While the need for the cleaning operation of the brazing furnace may be reduced by reducing the content of the Mg component contained in the brazing alloy, it is difficult to reduce the Mg content without deteriorating the brazability of the brazing alloy, since the sufficient brazing stability may be obtained with the Mg content being normally about 1.5% and at least 1.0% under any condition. It is considered that the required Mg content of the brazing alloy may be more or less reduced by placing a Mg or Mg alloy ingot as a getter in the brazing furnace. However, the use of the Mg ingot as the getter actually results in increasing the overall amount of the Mg component vaporized in the brazing furnace.
A second drawback of the vacuum brazing process using the conventional brazing sheet occurs when the brazing sheet is used for manufacturing a hollow structure or assembly such as a drawn cup type of heat exchanger or radiator tank, which has joints formed in brazing on both inner and outer sides of the structure. That is, the vaporizing rate of the Mg component of the ordinary conventional brazing sheets is different on the inner and outer sides of the hollow structure to be produced, whereby the brazability is deteriorated, in particular, on the inner side of the hollow structure. Although reducing the Mg content of the brazing alloy is effective to improve the brazability on the inner side of the hollow structure to be produced, it is difficult to reduce the Mg content while maintaining the Mg content within a range which assures sufficient brazability on the outer side of the structure.
To improve the brazability in producing a hollow structure using a vacuum-brazing aluminum alloy, Publication No. 58-54909 of examined Japanese Patent Application proposes a brazing sheet in which the Mg content of the brazing alloy for the inner side of the structure is controlled within a range between 0.2% and 1.2%. Further, laid-open Publication No. 59-85364 of unexamined Japanese Patent Application proposes a brazing sheet in which the Mg content of the brazing alloy for the inner side of the hollow structure is zeroed. However, the two proposed brazing sheets indicated above still suffer from low brazability on the outer side of the hollow structure, since a portion of the brazing alloy for the inner side flows to the outside of the structure, at each joint between the adjacent brazing sheets which bounds the hollow inside and the outside of the structure.

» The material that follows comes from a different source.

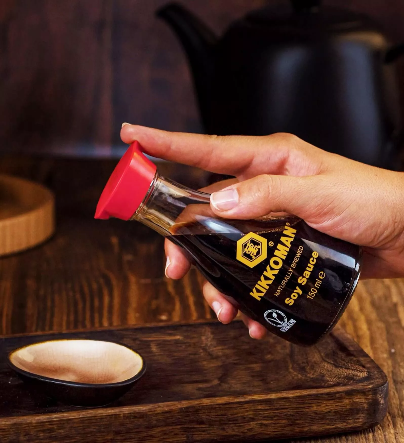 A garrafa icónica, concebida por Kenji Ekuan, também ajudou a que a Kikkoman se tornasse numa marca facilmente reconhecível e inequivoca. O seu formato é único e reconhecido por todo o mundo.

The above proposed brazing sheets should be correctly oriented with respect to each other so that the brazing alloy clad layers on the brazing sheets are suitably positioned in relation to the inside and outside of a hollow structure to be produced. This orientation requirement makes it difficult to control the inventory of the brazing sheets and apply the brazing sheets to an automated brazing line. Therefore, the proposed brazing sheets do not provide a practically effective solution to the conventionally experienced problem.